Le indagini cominciano: si pensa ad un tossicodipendente che, quella sera, incontra la suora chiedendole dei soldi ma,
vedendosi rifiutata la richiesta, infierisce sul corpo della vittima massacrandola. In fondo, un caso simile era accaduto
l’anno precedente: un prete era stato assassinato con un fendente di coltello da un giovane extracomunitario che si era
visto rifiutare un prestito di soldi. Questa pista però è poco credibile: non si può nemmeno parlare di una rapina perché la
donna non aveva con sé del denaro. Vengono interrogate le persone più vicine alla suora: le consorelle ed il parroco del
paese.
L’autopsia effettuata sulla vittima rivela che la suora ha ricevuto moltissime coltellate, diciannove, molte delle quali erano
dirette al volto ed al collo: questo ha preso il significato di una rabbia intensa, sintomo di un odio incontrollabile.

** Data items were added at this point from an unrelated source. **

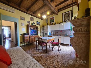 Nel cuore di un prestigioso palazzo storico del XVI secolo, proponiamo l'intero piano nobile, frutto di un restauro conservativo di grande livello. I pavimenti in marmo veneziano e gli alti soffitti a cassettone con travature autentiche contribuiscono a creare un'atmosfera di eleganza senza tempo, che si combina perfettamente con un'accoglienza calda e intima. Gli spazi sono stati studiati per offrire comfort e funzionalità: l'ingresso, si apre su un soggiorno molto luminoso di circa 26mq decorato da due grandi finestre in stile Belle Époque che affacciano su un piccolo terrazzino, da cui si può godere di una suggestiva vista sul Castello e sulla piazza. La zona giorno si completa con la cucina abitabile, impreziosita da un grande camino in marmo, perfetta per gli incontri familiari e momenti di convivialità. La zona notte, raggiungibile tramite un disimpegno, comprende una camera principale di circa 18mq con bagno privato e vasca idromassaggio, e una seconda stanza di circa 14mq, collegata a un secondo bagno con doccia. La distribuzione degli ambienti consente di vivere con privacy, in un contesto storico di grande valore artistico e architettonico. Rif. E50 A tutela della privacy, l'indirizzo indicato non corrisponde all'esatta posizione dell'immobile. Per maggiori informazioni chiamare la nostra sede Professionecasa di Este in Via Principe Umberto, 51 al numero
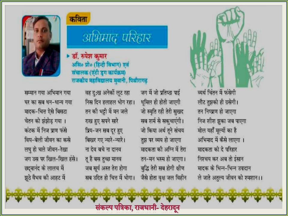 इसी दृष्टिकोण के साथ राजकीय महाविद्यालय मुवानी, पिथौरागढ़ की एंटी ड्रग समिति छात्रों, शिक्षकों, कर्मचारियों और स्थानीय समुदाय के सहयोग से नशे के विरुद्ध जागरूकता अभियान चलाती है। समिति का कार्य केवल अनुशासनात्मक नियंत्रण तक सीमित न होकर संवाद, परामर्श और सहभागिता के माध्यम से विद्यार्थियों में आत्मबोध और सामाजिक जिम्मेदारी का विकास करना है। यह समिति महाविद्यालय परिसर के साथ-साथ आसपास के ग्रामीण एवं स्थानीय क्षेत्रों में भी नशा-मुक्ति का संदेश प्रसारित करती है, जिससे महाविद्यालय एक सामाजिक चेतना केंद्र के रूप में स्थापित हो सके।
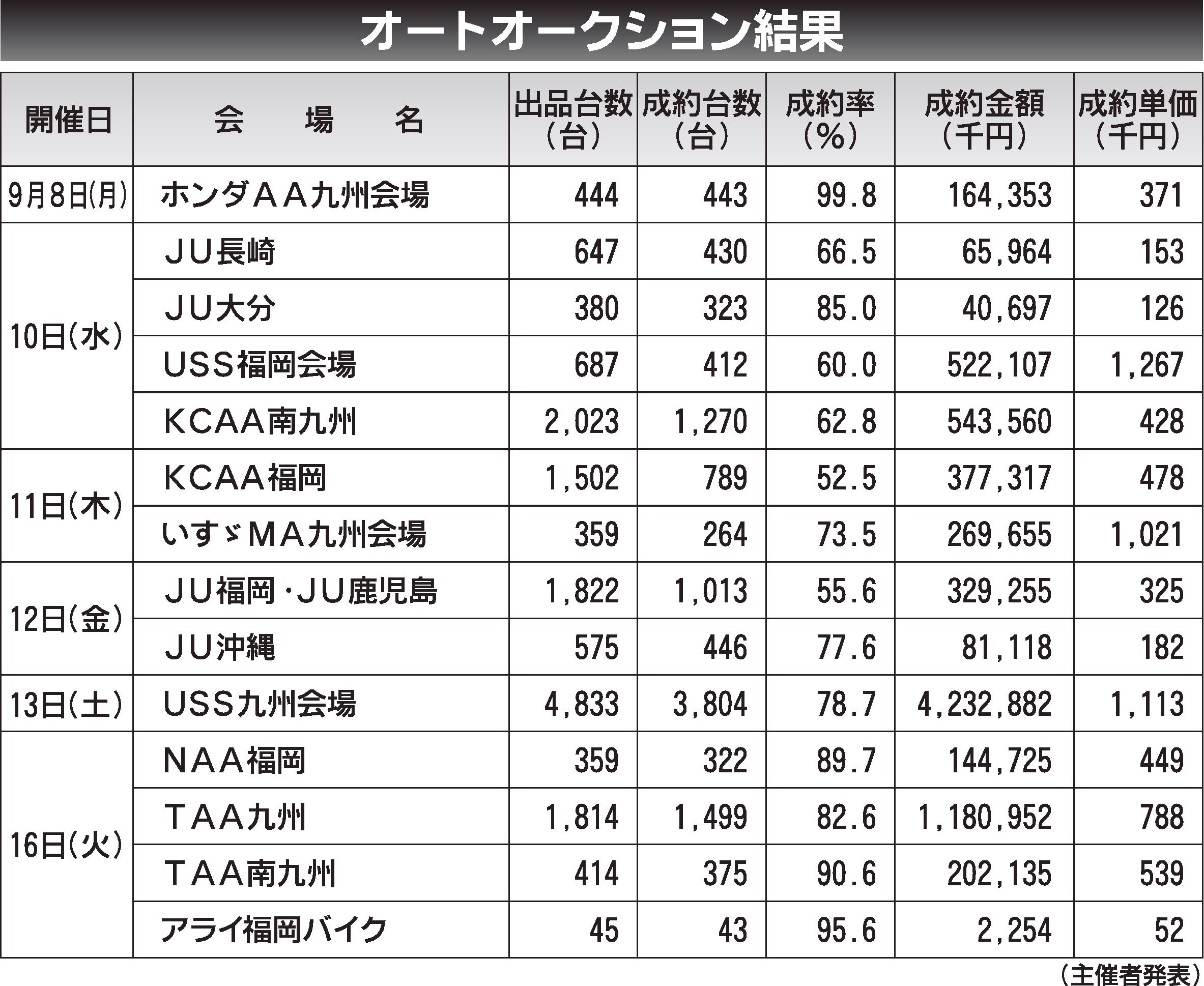 〈オートオークション結果〉九州地区 2025/9/8~16
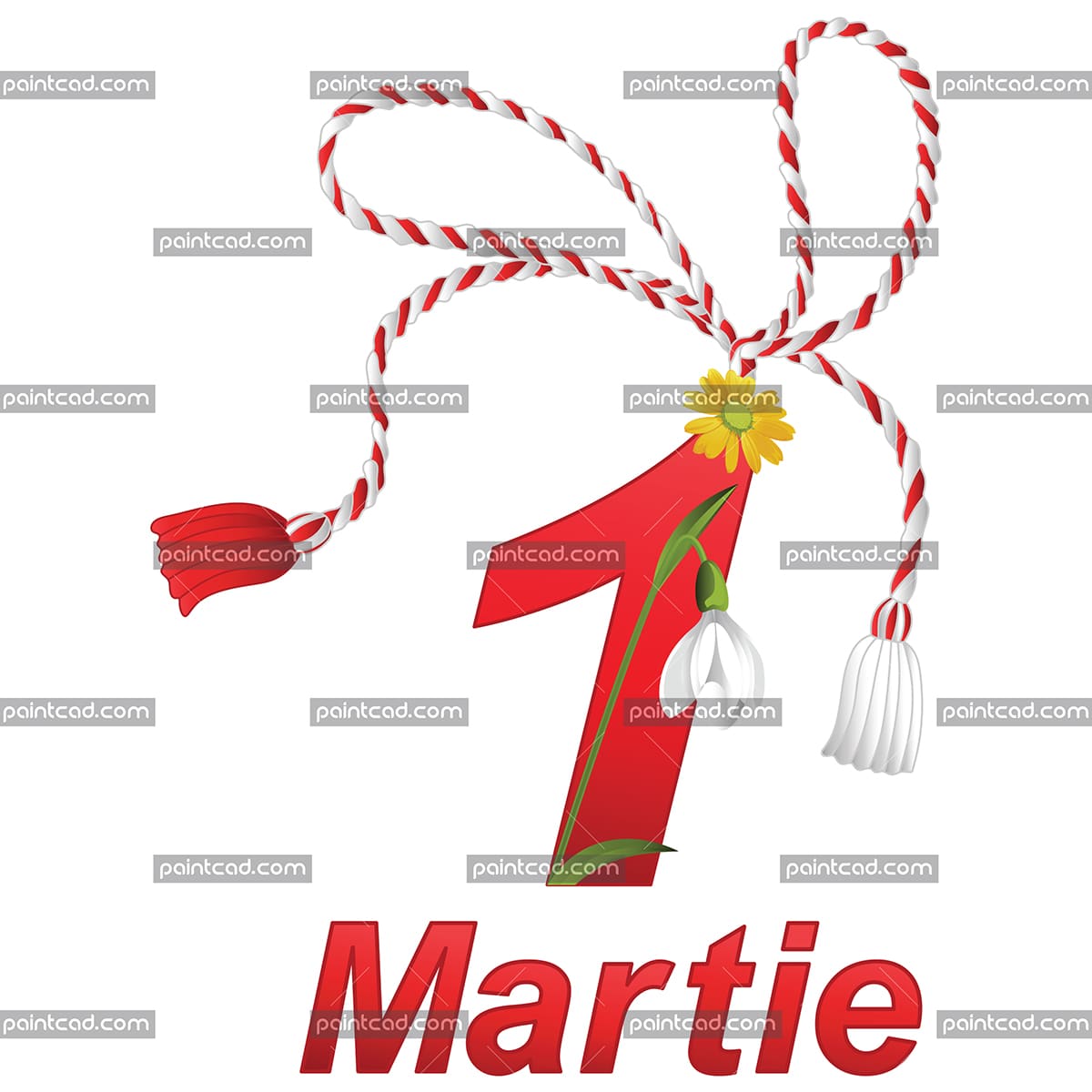 Vector illustration for coming of spring in Romania. On the same date is also celebrated in Moldova. People believe that every who wears the red and white string would enjoy a prosperous and healthy year. A symbol of the coming spring is the snowdrop flower.

La sera in cui è avvenuto l’omicidio, la suora esce dal convento da sola. Di solito la donna, se usciva, andava a pregare
alla parrocchia oppure a qualche corso di formazione, ma sempre insieme ad altre consorelle. Stranamente, quella sera
esce da sola, dopo aver ricevuto la telefonata di una ragazza, una certa Erika, che vuole incontrarla.
La stessa ragazza si era già messa in contatto con la suora qualche giorno prima, sempre in orario serale. La giovane
chiede aiuto, racconta di essere stata vittima di una violenza sessuale, qualche tempo prima, da cui era scaturita una
gravidanza indesiderata. La suora sentendo questa storia, si attiva cercando una possibile soluzione: la soluzione era
quella di farla parlare con un’amica appartenente ad un’associazione che si occupa di casi come questo. Ma quando viene
organizzato il primo appuntamento, la ragazzina, vedendo che la suora non era sola, si spaventa e decide di andarsene.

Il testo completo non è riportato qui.